Os dados finais de 2025 confirmam uma mudança importante na indústria automóvel. A marca asiática consolidou uma liderança que muitos analistas previam, mas que poucos esperavam que acontecesse de forma tão expressiva e rápida.

Este marco histórico reflete não apenas a ascensão da indústria chinesa. É também a confirmação dos desafios crescentes que a empresa de Elon Musk enfrenta num mercado cada vez mais saturado e competitivo.

Há um novo líder nas vendas de carros elétricos

Os números divulgados são esclarecedores e marcam o fim de uma era. A BYD encerrou o ano de 2025 com um total impressionante de 2,26 milhões de veículos 100% elétricos vendidos. Com isso registou um crescimento robusto de cerca de 28% em comparação com o ano anterior.

Em contraste, a Tesla reportou a entrega de aproximadamente 1,6 milhões de unidades, o que representa uma queda nas vendas anuais, evidenciando uma tendência preocupante para a marca norte-americana. Se em 2011 a BYD era vista com desdém pelos executivos da Tesla, hoje a realidade é bem diferente, com a gigante chinesa a ditar o ritmo da mobilidade elétrica global.
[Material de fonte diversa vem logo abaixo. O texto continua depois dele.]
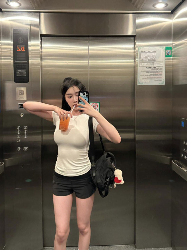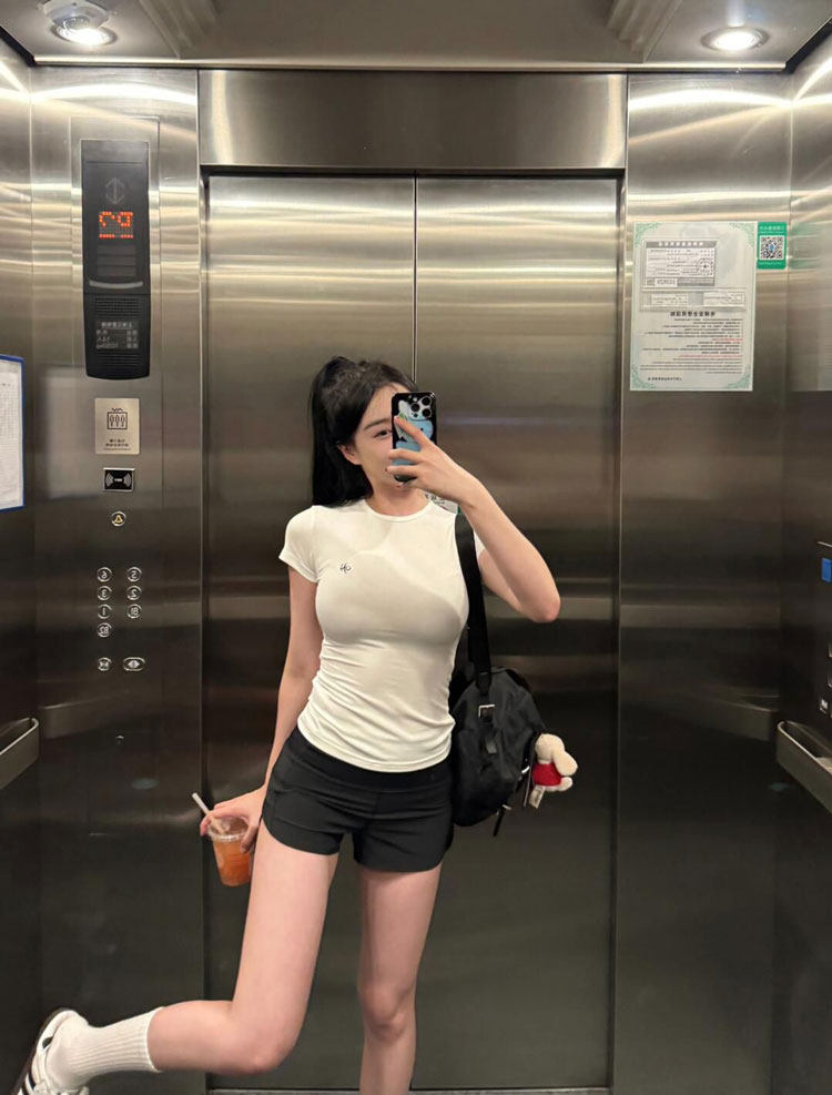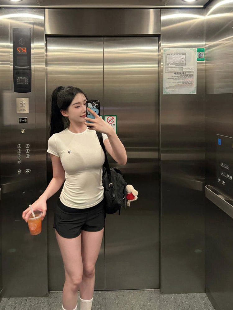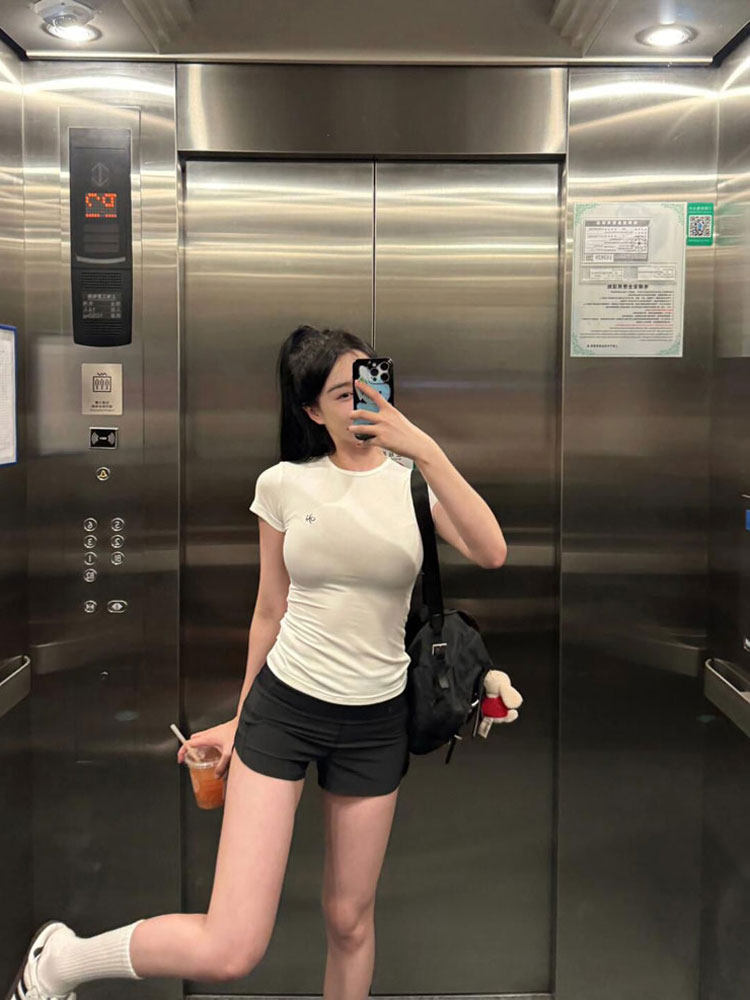 Белая летняя футболка с коротким рукавом, короткий корсет, в обтяжку, облегающий крой, в американском стиле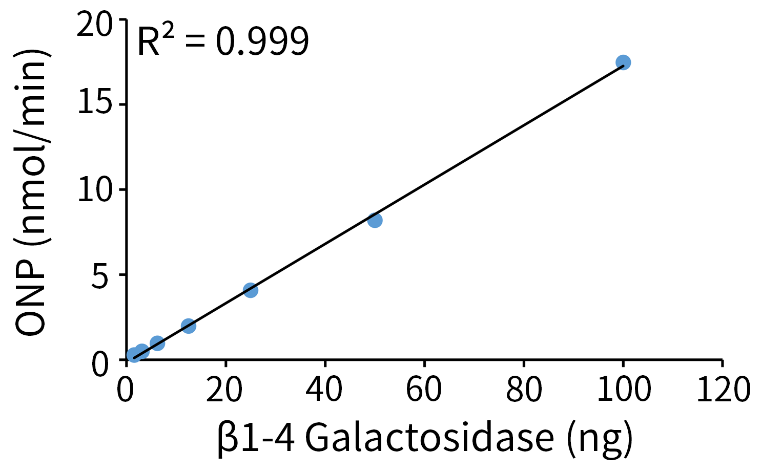 图1.碧云天β1-4半乳糖苷酶(β1-4 Galactosidase) (P2345)的酶活性检测效果图。X轴为β1-4 Galactosidase蛋白的质量(ng),Y轴为对应单位时间内ONPG水解产生的ONP (nmol/min)。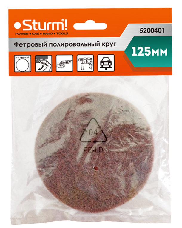 Круг фетровый (125 мм) Sturm 5200401 предназначен для полирования металлических поверхностей. Толщина круга 10 мм.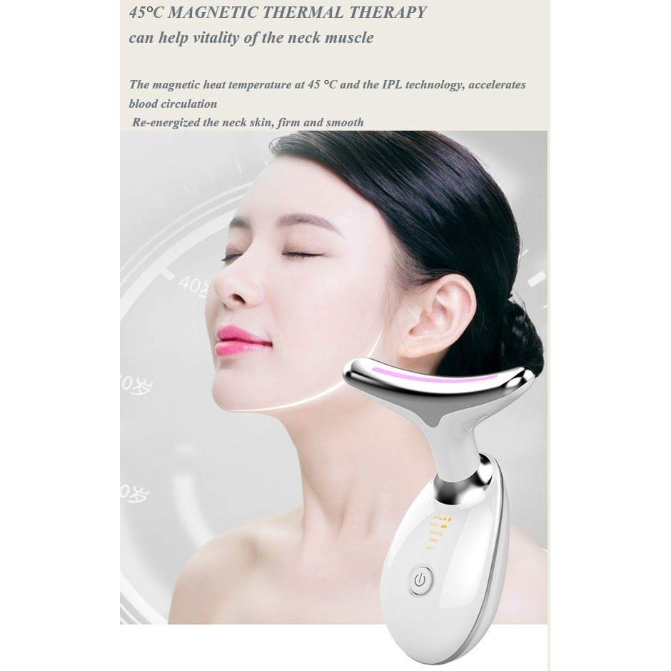 یک دستگاه هوشمند چند منظوره است که با عملکرد نور درمانی و ایجاد پالس الکتریکی به رفع غبغب و کاهش چین و چروک و همچنین رفع لک های پوست کمک می نماید. این ماساژور صورت غبغب را از بین می برد چین و چروک ، خطوط ریز را کاهش می دهد و از ایجاد علائم پیری پوست جلوگیری می کند. دستگاه ماساژور حرارتی با استفاده از فناوری IPL ، تحریک الکتریکی و ایجاد ویبره عضلات پوست را سفت می کند و باعث لیفت صورت می شود و فرم صورت را به خوبی اصلاح می نماید.

Desempenho da BYD contrasta com recuo da Tesla

O sucesso da BYD explica-se pela sua estratégia agressiva de preços e pela diversidade do seu portefólio. Oferece desde modelos citadinos acessíveis até opções de luxo. A expansão internacional foi crucial, com as exportações a desempenharem um papel fundamental neste crescimento.

Do lado oposto, a Tesla parece sofrer com o envelhecimento da sua gama de modelos e com as polémicas que envolvem a sua liderança, fatores que afastaram consumidores e permitiram que a concorrência ganhasse terreno. Enquanto a BYD acelera a fundo com novas tecnologias e fábricas em vários continentes, a Tesla terá de se reinventar para recuperar o lugar cimeiro nas vendas de carros elétricos.